The Sport of Kings: Horse Racing at Saratoga Race Course--July 26-27, 2017

We had been to Saratoga Springs for the Hemmings Concours d'Elegance (an event subsequently moved to Lake George) and had enjoyed the ambiance and decided to return for the horse racing.

Standardbred horse racing took place in Saratoga as early as 1847 but the current track for thoroughbreds started operations in 1863, making it among the oldest sporting venues in the United States.  The racing season is 40 days long, ending on Labour Day, and the most noteworthy event is the Travers Stakes, the oldest major thoroughbred horse race in the USA, inaugurated in 1864.  In 2015 the presence of Triple Crown winner American Pharoah saw the purse increased to $1.6 million but the Saratoga track once again earned its nicknames of "The House of Upsets" and "The Graveyard of Champions" as the heavily favoured Pharoah came second.  In the 1919 Sanford Stakes, the legendary Man o' War lost his only race in 21 contests.
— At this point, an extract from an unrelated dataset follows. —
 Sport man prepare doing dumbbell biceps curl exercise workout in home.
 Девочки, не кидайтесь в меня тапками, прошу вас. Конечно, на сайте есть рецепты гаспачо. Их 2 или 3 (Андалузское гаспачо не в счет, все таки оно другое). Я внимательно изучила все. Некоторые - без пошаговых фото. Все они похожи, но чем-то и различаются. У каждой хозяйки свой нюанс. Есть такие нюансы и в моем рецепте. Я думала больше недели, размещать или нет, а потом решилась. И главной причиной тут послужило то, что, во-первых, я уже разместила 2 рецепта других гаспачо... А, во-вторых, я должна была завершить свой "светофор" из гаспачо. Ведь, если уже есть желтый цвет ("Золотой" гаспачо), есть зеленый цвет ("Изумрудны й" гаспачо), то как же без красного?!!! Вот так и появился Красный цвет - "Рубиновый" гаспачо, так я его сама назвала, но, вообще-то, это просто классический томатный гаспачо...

The track has had its ups and downs and was deteriorating by the end of the 1800s.  In 1896 there was no season due to increased competition from other tracks and it was only in 1901, when a group headed by William C. Whitney bought the track that improvements were made and its reputation restored.  Anti-gambling laws meant closure for two years in 1911 and 1912, but the track has operated continually since.
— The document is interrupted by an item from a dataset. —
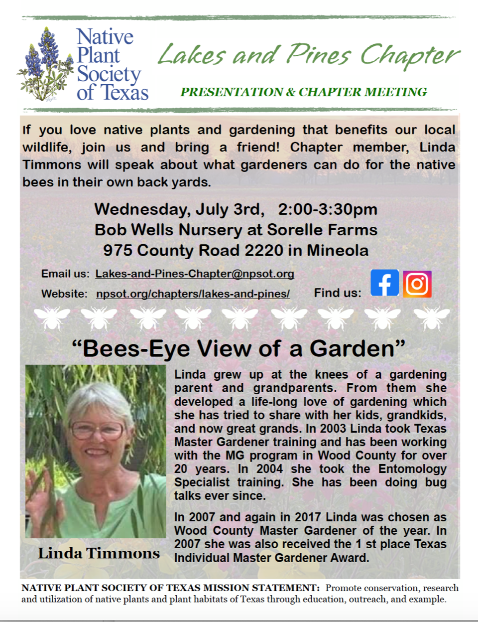 Monday, July 8 — Clear Lake Chapter Meeting — Through photos and stories, native Texan Cherie Colburn demonstrates how attention to where, why, and what’s in our gardens can make us better stewards of our world.

There are three separate tracks at Saratoga: an outer, dirt track of 1 1/8 miles in circumference; a 1 mile inner turf track, and a shorter inner track used for steeplechase racing.  Races in the season are held six days a week.
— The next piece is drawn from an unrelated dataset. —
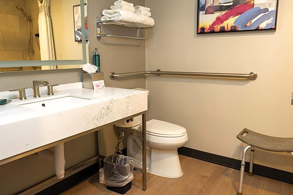 Located close to the hotel entrance, this accessible room features a raised toilet and handheld shower head. Free Wi-Fi and cable TV are provided.
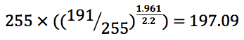 To recap, if you take the 75% grey bar and perform the 1.96 to 2.2 gamma conversion, the calculations are as follows: 191/255 (75% grey bars in an 8-bit (0-255) RGB space have 191 energy levels, because 191 is 75% of 255), raised to the 1.961/2.2 exponent (gamma conversion), scaled back to 255, producing a value of approximately 198:

We spent two days at the track, watching the races and took a walking tour of the facilities.  It was a very pleasant experience but we felt no particular compulsion to make any bets.  It was clear that there is no way to systematically play a horse race, unlike a casino game.  For example, at one point the main track was too wet so the horses were switched to the inner turf track, which would mean that the odds for the horses, which had been calculated based on their running on a dirt track, were now pretty meaningless.  Given Saratoga's traditional cruelty to race favourites, it seems like throwing money away.

On the other hand, there was a lot to look at, from some entertainers singing some 1940s big band songs, to watching the horses being exercised, to enjoying a wood-fired pizza.  There are some displays related to racing history, and you can get a look at the area where all the racing silks are stored.  It is a good place for women to buy fancy hats too.

A short walk away from the Race Course is the National Museum of Racing and the Racing Hall of Fame.  Established in Saratoga Springs in 1951, it moved to its current location in 1955.  The Hall of Fame is the main emphasis, highlighting horses, jockeys, trainers, and owners, but there are fine exhibits about the history of horse racing in America.  When we were there a special exhibit on the life and times of Man o' War was on display.

Walking up the museum, you will see a long line of jockey figures.  Each is dressed in the colours of a particular stable that has horses racing at the track.